(Records for processing Opens)

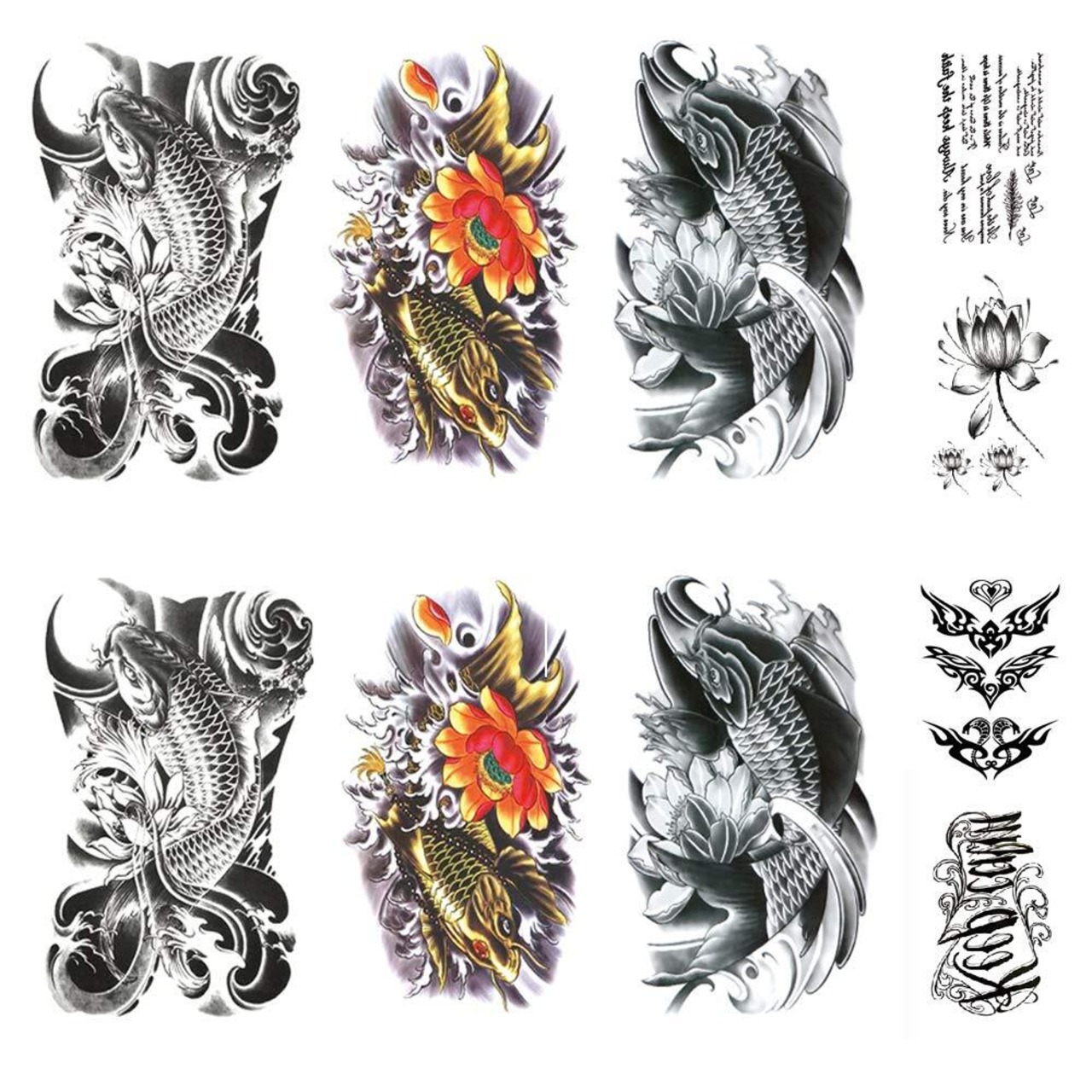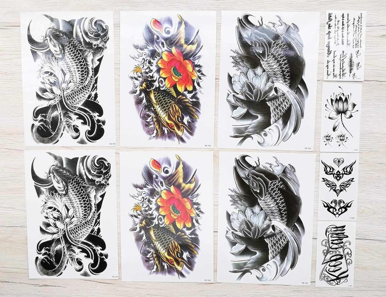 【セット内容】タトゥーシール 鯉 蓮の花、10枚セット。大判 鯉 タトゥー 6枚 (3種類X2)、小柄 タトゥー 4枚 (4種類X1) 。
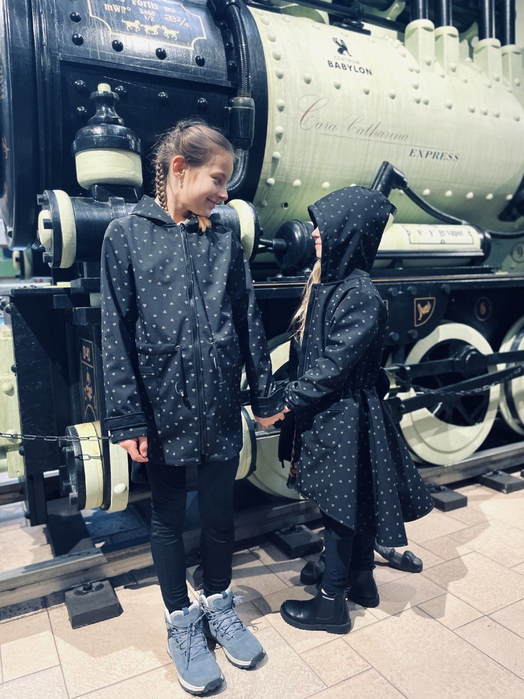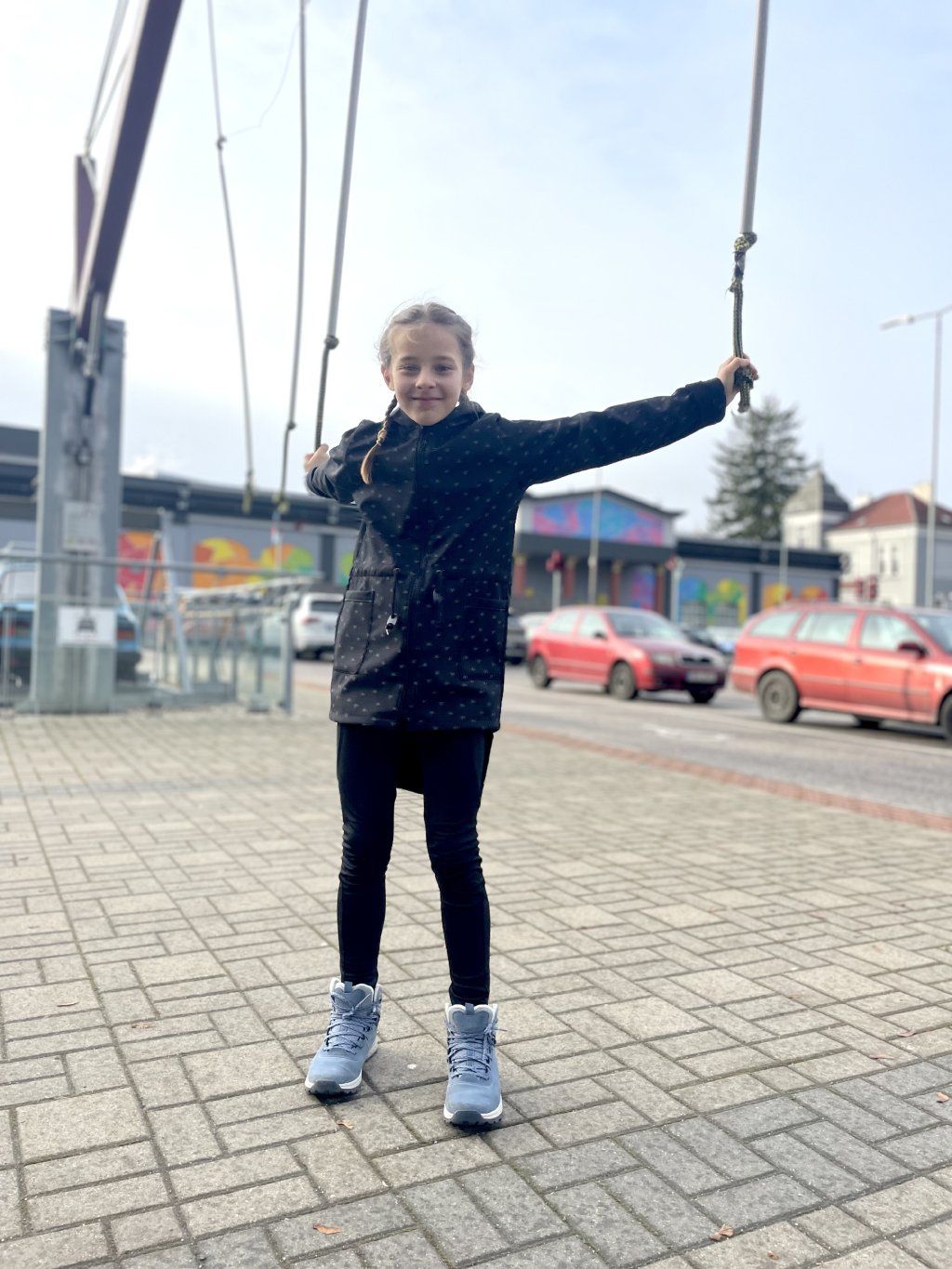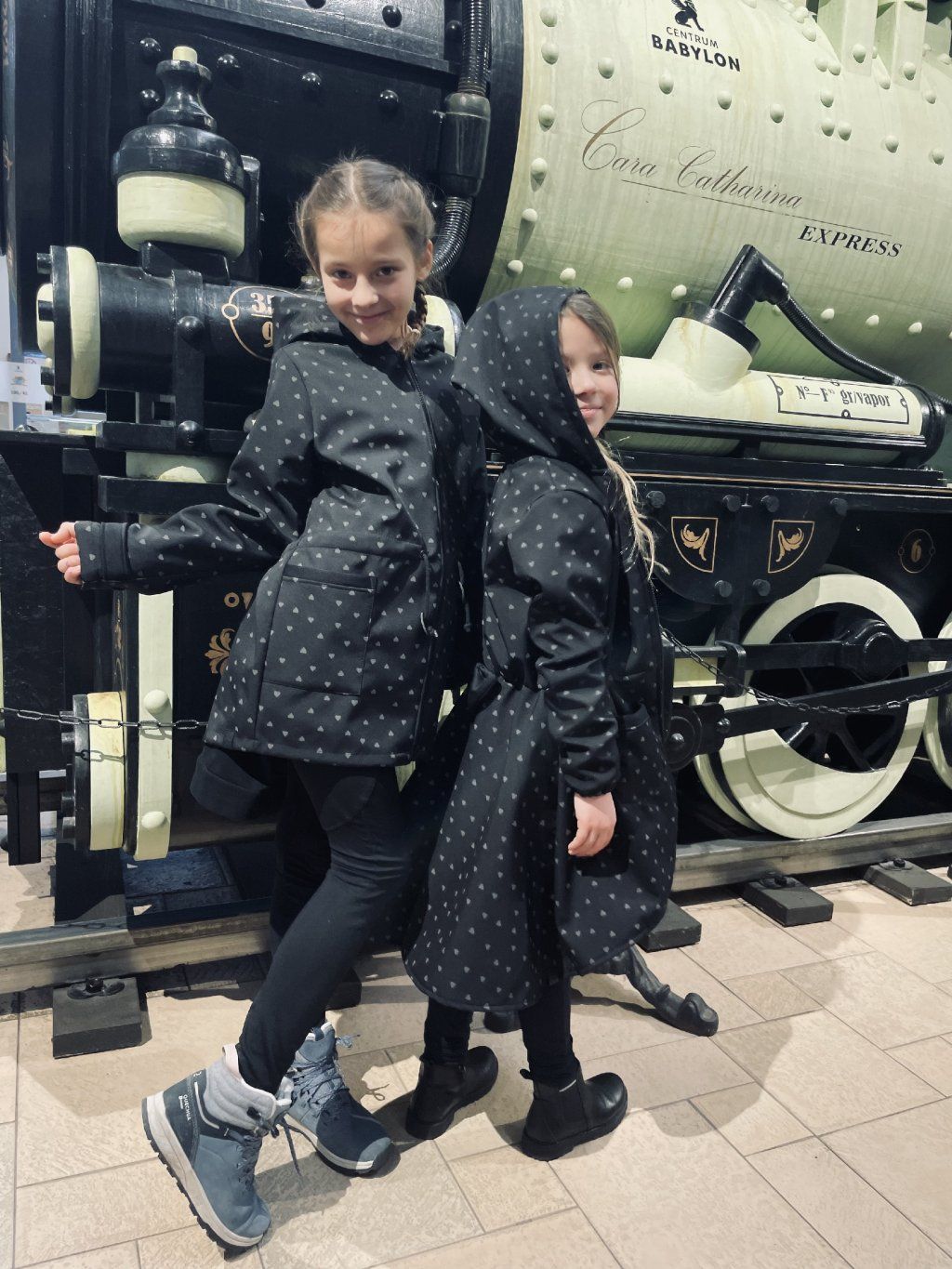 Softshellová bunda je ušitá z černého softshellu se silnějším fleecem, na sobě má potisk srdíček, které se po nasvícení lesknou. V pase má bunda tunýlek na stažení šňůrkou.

(Records for processing Closes)
(Records for processing Opens)

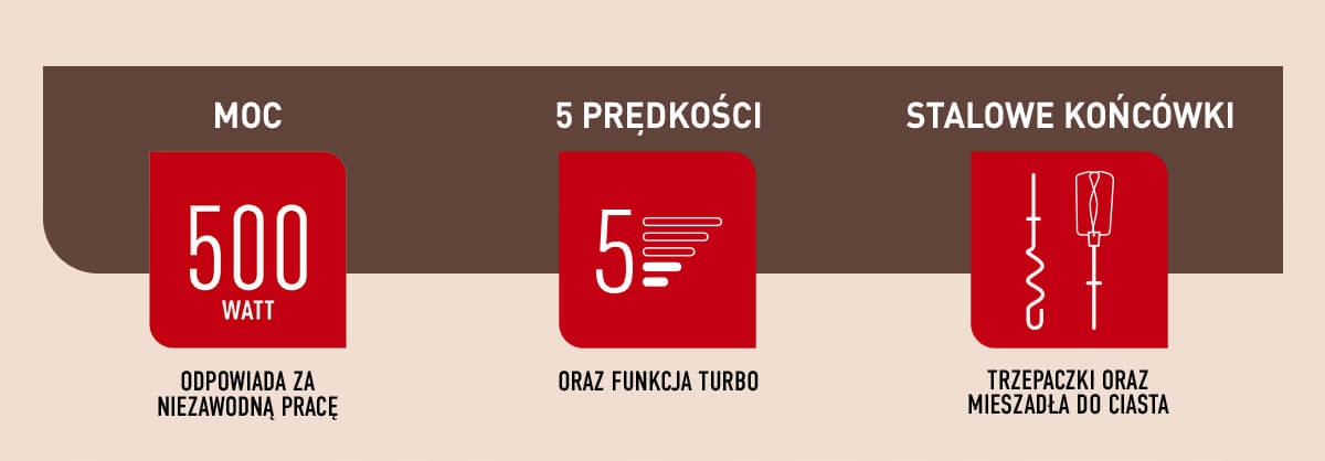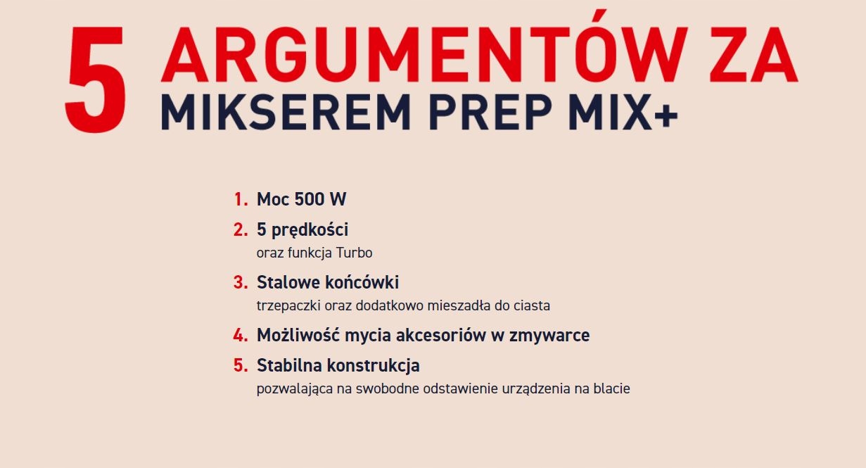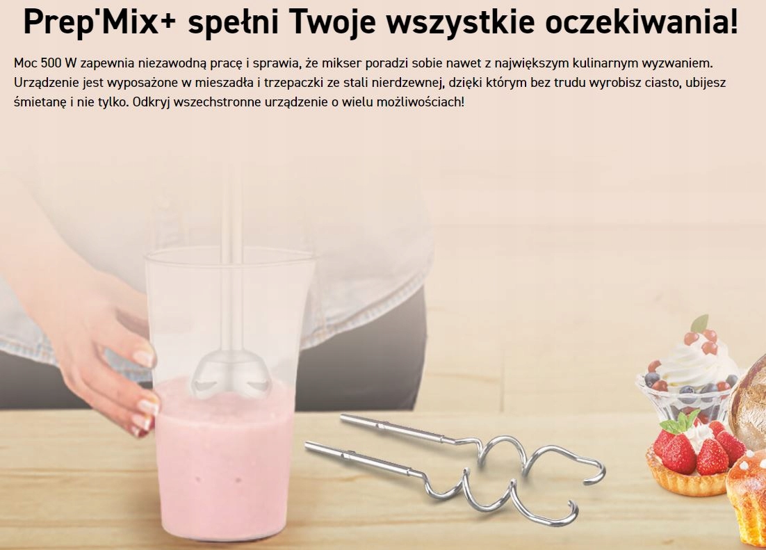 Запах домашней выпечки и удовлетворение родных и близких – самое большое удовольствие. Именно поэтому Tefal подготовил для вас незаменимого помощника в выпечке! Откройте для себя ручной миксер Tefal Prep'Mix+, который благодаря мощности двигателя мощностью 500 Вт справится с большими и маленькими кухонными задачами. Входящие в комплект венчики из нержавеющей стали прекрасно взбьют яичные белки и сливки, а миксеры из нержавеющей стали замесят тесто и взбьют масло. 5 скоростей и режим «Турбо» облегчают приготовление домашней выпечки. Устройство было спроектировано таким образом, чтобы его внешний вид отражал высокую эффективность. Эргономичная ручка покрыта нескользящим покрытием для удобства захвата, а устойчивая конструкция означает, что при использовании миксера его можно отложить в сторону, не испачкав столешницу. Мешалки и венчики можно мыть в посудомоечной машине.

(Records for processing Closes)
(Records for processing Opens)

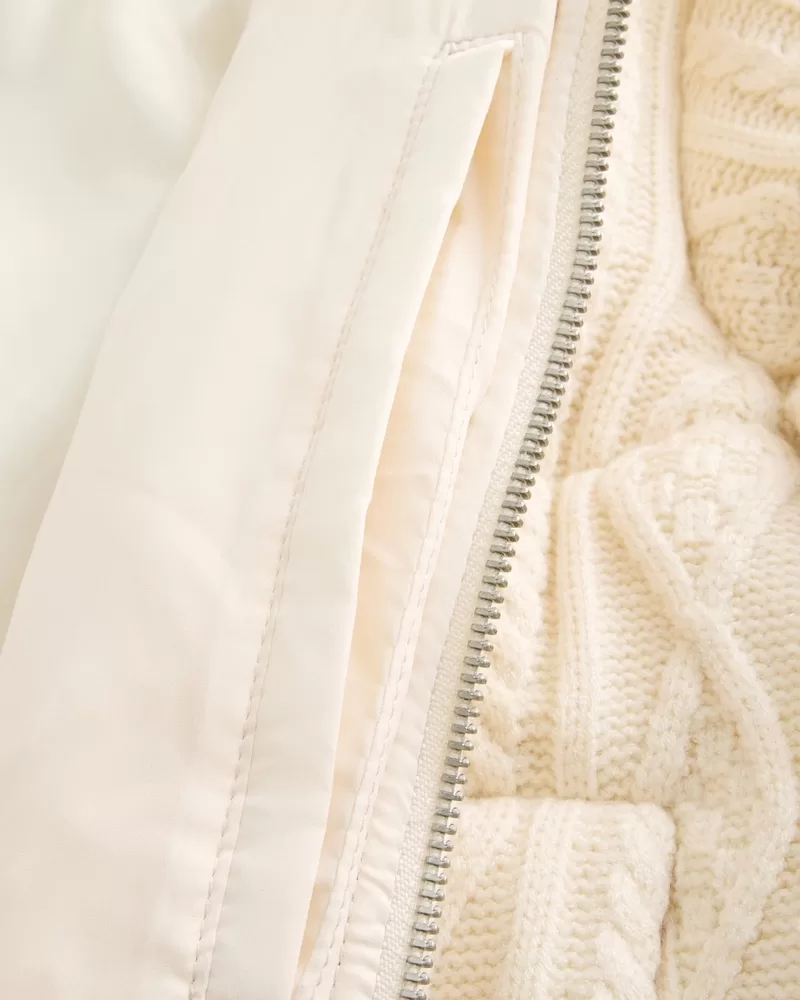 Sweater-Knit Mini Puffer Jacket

(Records for processing Closes)

◆ Aim of the task ◆
Starting at the line above that contains "4枚 (4種類X1) 。", transcribe every line exactly through the line that contains "Softshellová bunda je", including that last one, and skip the pictures.

◆ Exercise response ◆
 【セット内容】タトゥーシール 鯉 蓮の花、10枚セット。大判 鯉 タトゥー 6枚 (3種類X2)、小柄 タトゥー 4枚 (4種類X1) 。
 Softshellová bunda je ušitá z černého softshellu se silnějším fleecem, na sobě má potisk srdíček, které se po nasvícení lesknou. V pase má bunda tunýlek na stažení šňůrkou.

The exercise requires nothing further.